Researchers are looking for a better way to treat people who have chronic heart failure with reduced ejection fraction. Chronic heart failure with reduced ejection fraction (HFrEF) is a long-term condition that occurs when the heart is too weak to pump enough blood to the rest of the body. This results in a reduced supply of the oxygen that the body requires to function properly. The common symptoms of HFrEF include breathlessness, weakness, fatigue, and swelling in the ankles and legs. If left untreated, heart failure can lead to other serious health problems, including damage to other organs, which may result in hospital stays or even death.

Vericiguat is an approved drug for use in people with chronic HFrEF. It works by activating a protein called soluble guanylate cyclase, which helps dilating the blood vessels and in turn improves heart function.

Currently, treatment with vericiguat starts at a daily dose of 2.5 milligrams (mg), which increases to 5 mg after 2 weeks. The dose is then increased to the target dose of 10 mg after another 2 weeks.

In this study, researchers are trying to learn how well participants can tolerate and how safe it is to start vericiguat at a dose of 5 mg. Starting directly at the 5 mg dose is expected to help reach the target dose of 10 mg faster.

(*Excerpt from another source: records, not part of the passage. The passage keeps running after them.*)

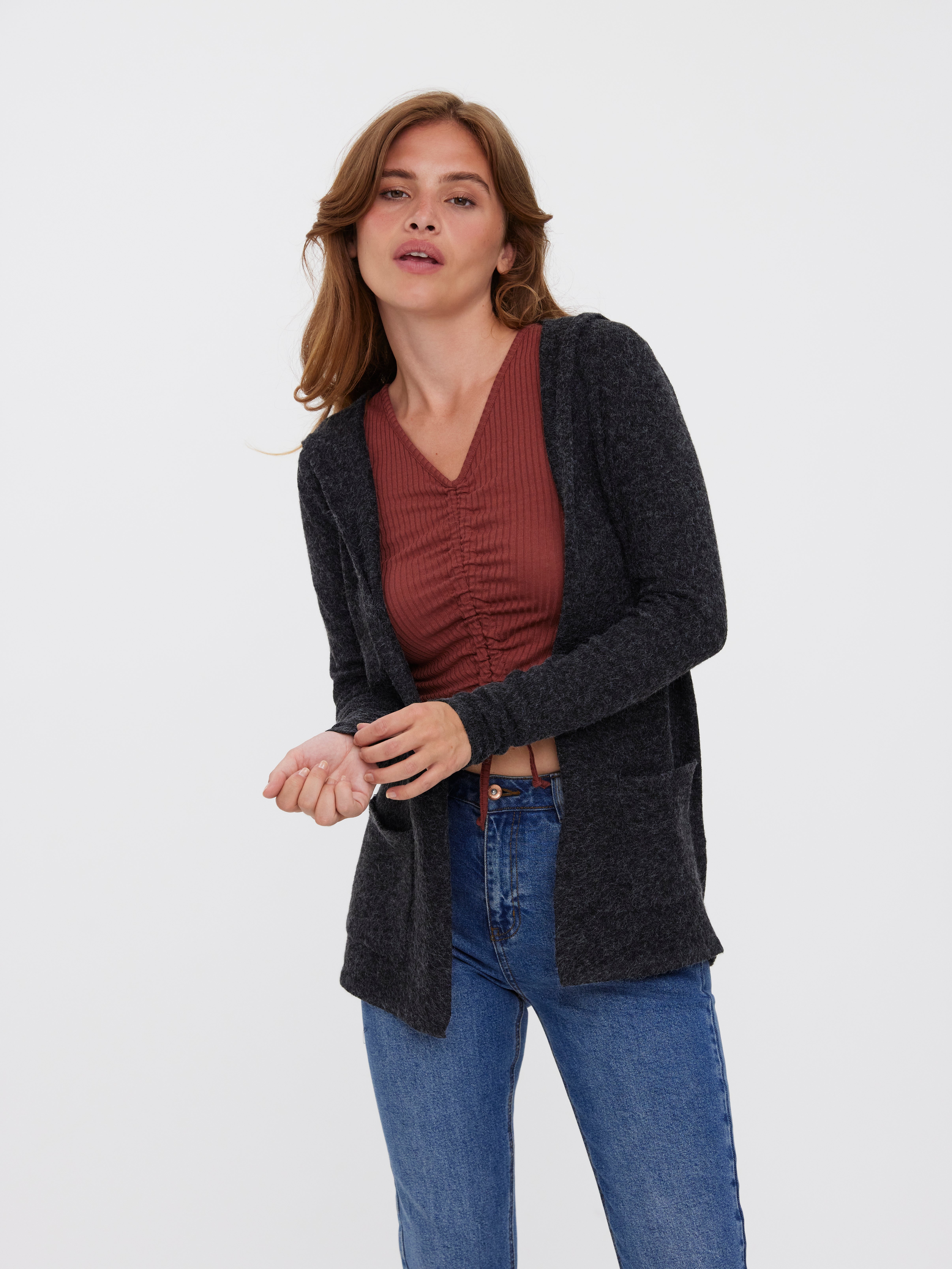Ta dodatna plast, ki brez napora izboljša vaš videz. Ta lahki jopica je popoln kos, idealen za plastenje ali pa, da izstopa sama po sebi. Stilirajte jo s parom kavbojk za vsakodnevne možnosti ali pa izberite krilo in škornje, da se počutite bolj urejeno.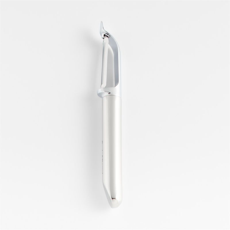 Peel potatoes, cucumbers and butternut squash with ease using our signature peeler. Crafted with a swivel blade, the dishwasher-safe tool glides smoothly over fruits and vegetables, allowing you to peel in both directions. Stainless steel and die-cast zinc shapes the sleek tool accented with a refined beveled edge that finishes the handle with dynamic detail. Our exclusive Crate & Barrel soft-touch tools make for a well-outfitted workspace that's up to any cooking challenge.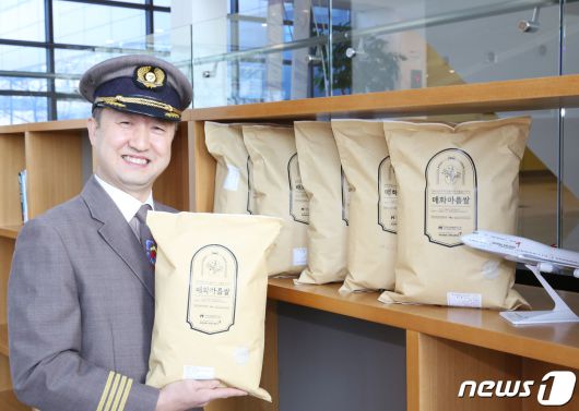 (서울=뉴스1) = 20년째 쌀 나눔 활동을 이어가고 있는 아시아나항공 사내 봉사동아리 '운항본부 봉사단'의 이준서 선임기장(A350 안전운항팀)이 18일 서울 강서구 본사에서 '매화마름 쌀'을 들고 기념 촬영을 하고 있다. (아시아나항공 제공) 2023.1.18/뉴스1photo@news1.krCopyright ⓒ 뉴스1. All rights reserved. 무단 전재 및 재배포 금지.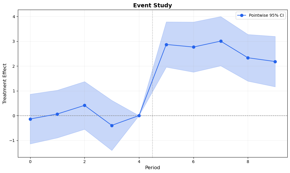 # Build full plot arrays (including reference period)periods_plot =sorted(all_periods + [ref_period])est_plot = np.array([0.0if p == ref_period else results.period_effects[p].effect for p in periods_plot])se_plot = np.array([0.0if p == ref_period else results.period_effects[p].se for p in periods_plot])periods_plot = np.array(periods_plot)z = scipy_stats.norm.ppf(0.975)fig, ax = plt.subplots(figsize=(10, 6))ax.fill_between(periods_plot, est_plot - z * se_plot, est_plot + z * se_plot, alpha=0.25, color='#2563eb')ax.plot(periods_plot, est_plot, 'o-', color='#2563eb', markersize=7, linewidth=1.5, zorder=3, label='Pointwise 95% CI')ax.axhline(0, color='gray', linestyle='--', linewidth=1)ax.axvline(ref_period +0.5, color='gray', linestyle=':', linewidth=1.5, alpha=0.7)ax.set_xlabel('Period', fontsize=12)ax.set_ylabel('Treatment Effect', fontsize=12)ax.set_title('Event Study', fontsize=14, fontweight='bold')ax.legend(fontsize=10)ax.grid(True, alpha=0.2)plt.tight_layout()plt.show()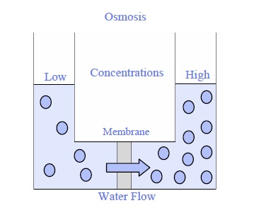 Many people get confused over which method of water flow. Here’s a quick method to remember: Osmosis is a natural process that follows the lead of nature. Water flows naturally from low-solute zones (less chemicals or salt) to areas with high sulfate (more salt or chemical) to achieve equilibrium. There is no pressure or energy required, it happens naturally.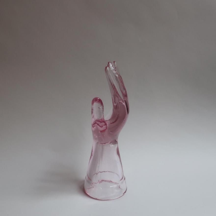 アメリカで買い付けましたVintage Pink Glass Hand Ring Holder (B323)/ビンテージ ピンクガラス 手 モチーフ オブジェ リングホルダーです。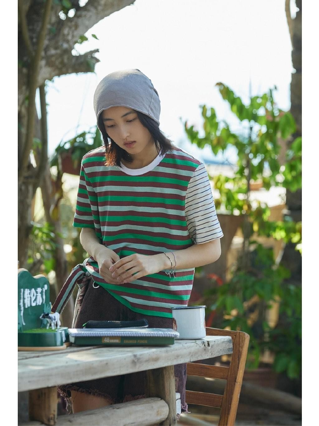 条纹款式的休闲单品,也是很有代表性的文艺少年感单品,同时在条纹元素的配色下,深浅不一,色彩浓郁度不同的色调下,其时尚风格也会有所偏离,像复古绿色与砖红色的不规则极简条纹半袖,就是很有时尚吸引力的款式,搭配起来便可以轻松凹造型。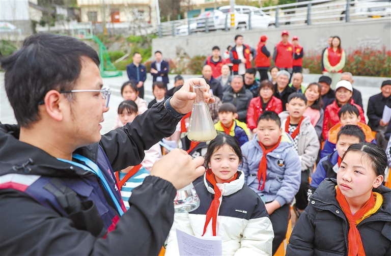 为迎接即将到来的世界水日,各地举办形式多样的主题活动,增强人们的节水护水意识。 图为3月20日,四川省华蓥市疾控中心的志愿者在天池湖畔为学生讲解水质常识。 新华社发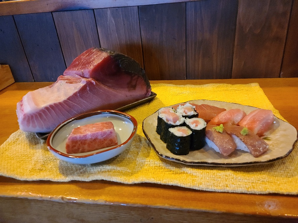本巣市居酒屋本日紹介は本マグロ、三角バラの一品です、本マグロは刺身、握り、鉄火巻き、三角バラは炙りずしに、本マグロ独特の甘味のある油、それに負けない位の牛三角バラで美味しくオススメです、グループの方、1人飲みの方にも是非いちど味わって頂きたい一品です。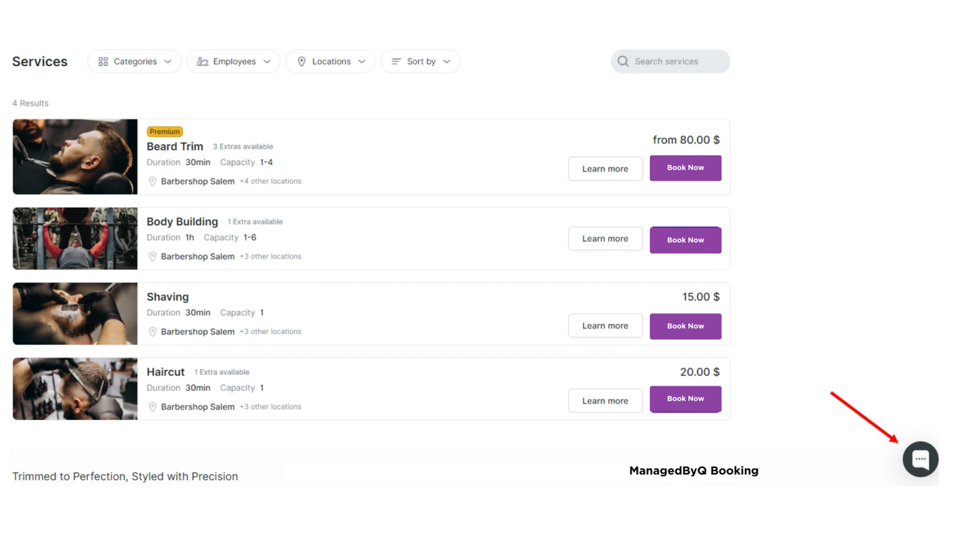 Once saved, the Chat Widget will be embedded into your booking website, allowing customers to easily reach out for support while booking appointments.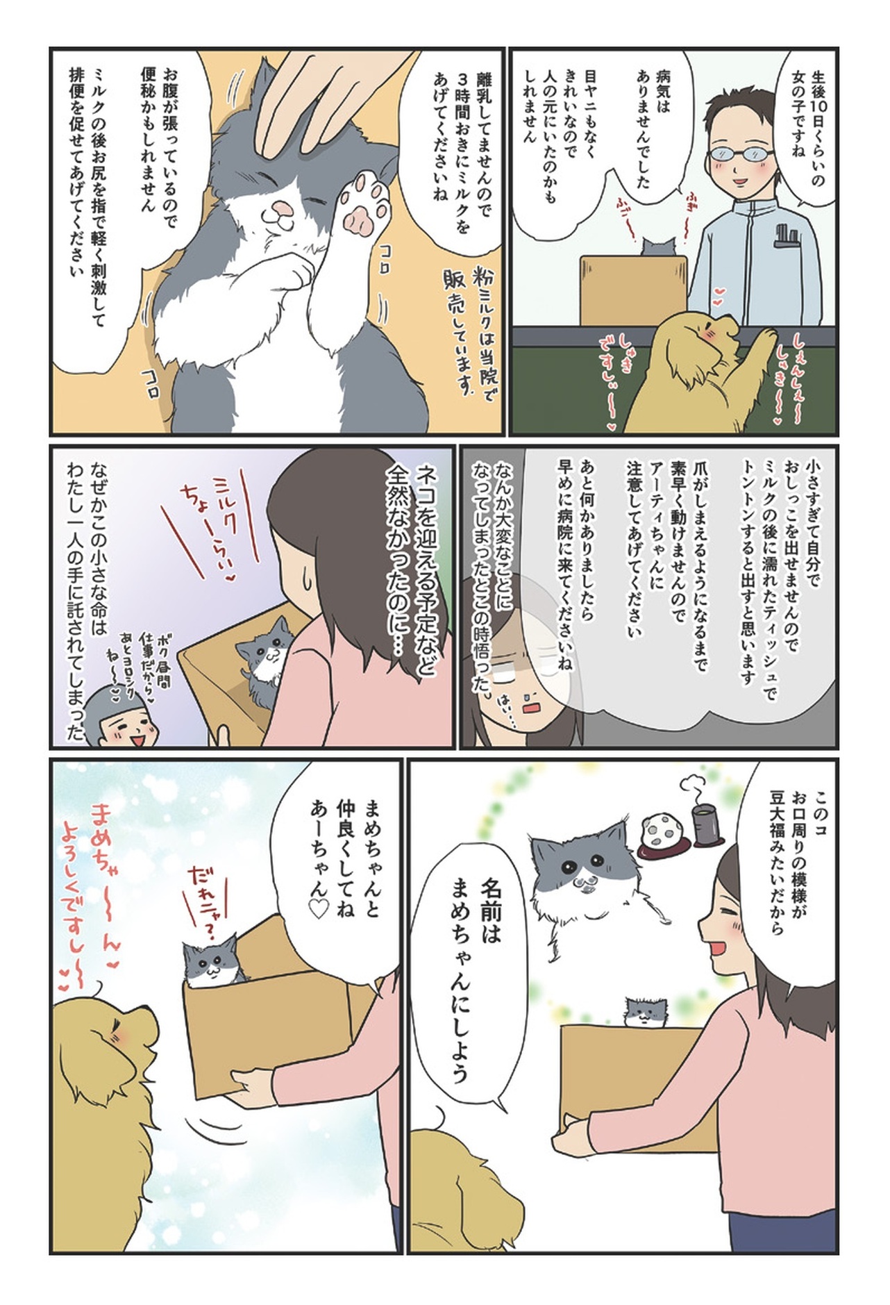 「ですし!」が口癖のゴールデンレトリーバー・アーティと、いつもイライラ怒ってばかりなのに家族思いなハチワレ猫・まめ。
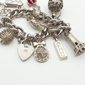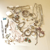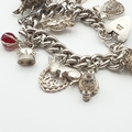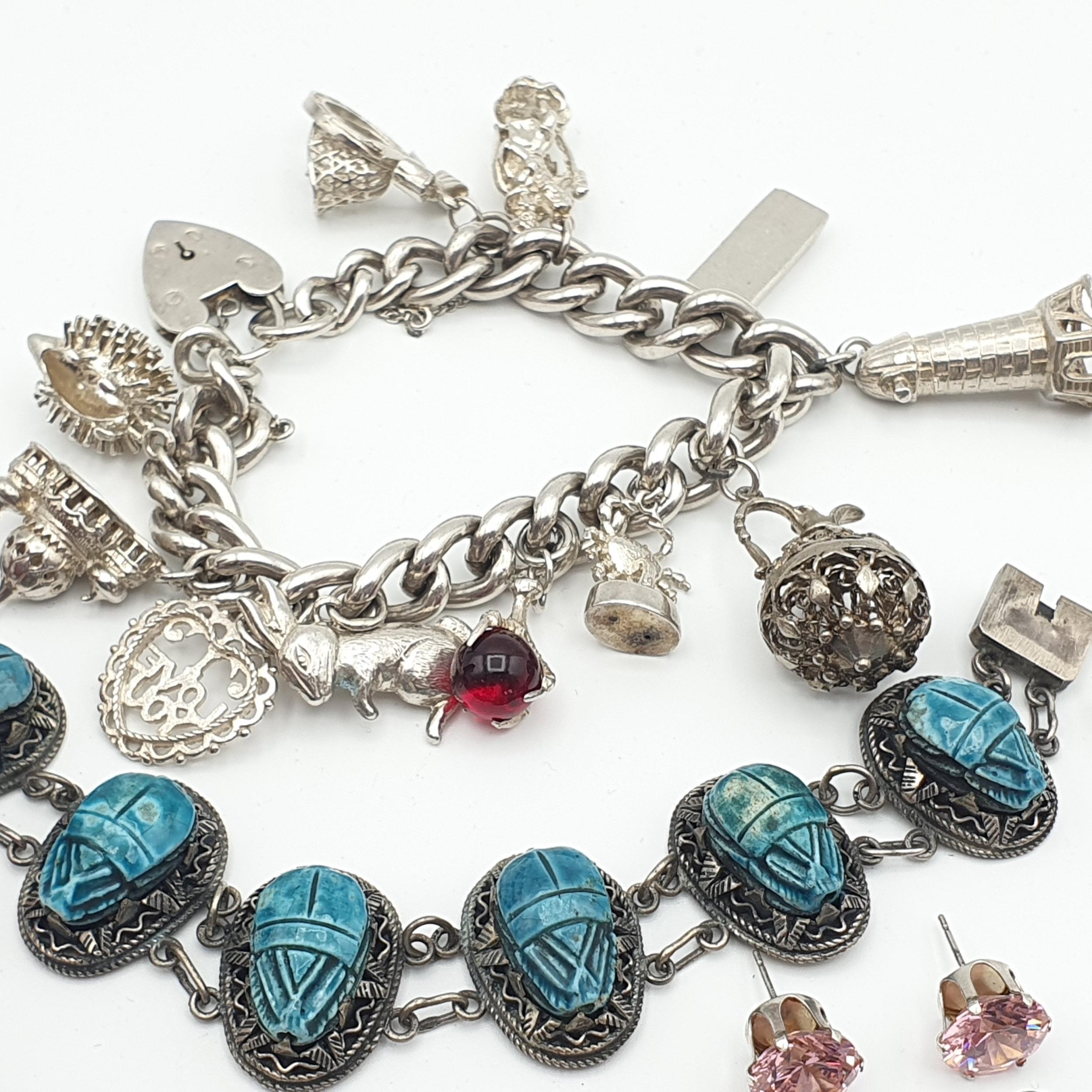 A silver curb link Bracelet with numerous charms, a scarab type Bracelet and a collection of mostly silver Earrings set various gems

Participants will take vericiguat 5 mg as a tablet by mouth once daily along with their regular heart medications.

At the start of the study, study doctors will check participants' medical history and perform full health check-ups to confirm if they can take part in the study. Throughout the study, study doctors will monitor participants' previous and current medications, their heart health, and their overall well-being. This will help researchers assess how safe the study drug is and if they experience adverse events. An adverse event is any medical problem that a participant has during a study. Doctors keep track of all adverse events, irrespective of whether they think they are related to the study treatment.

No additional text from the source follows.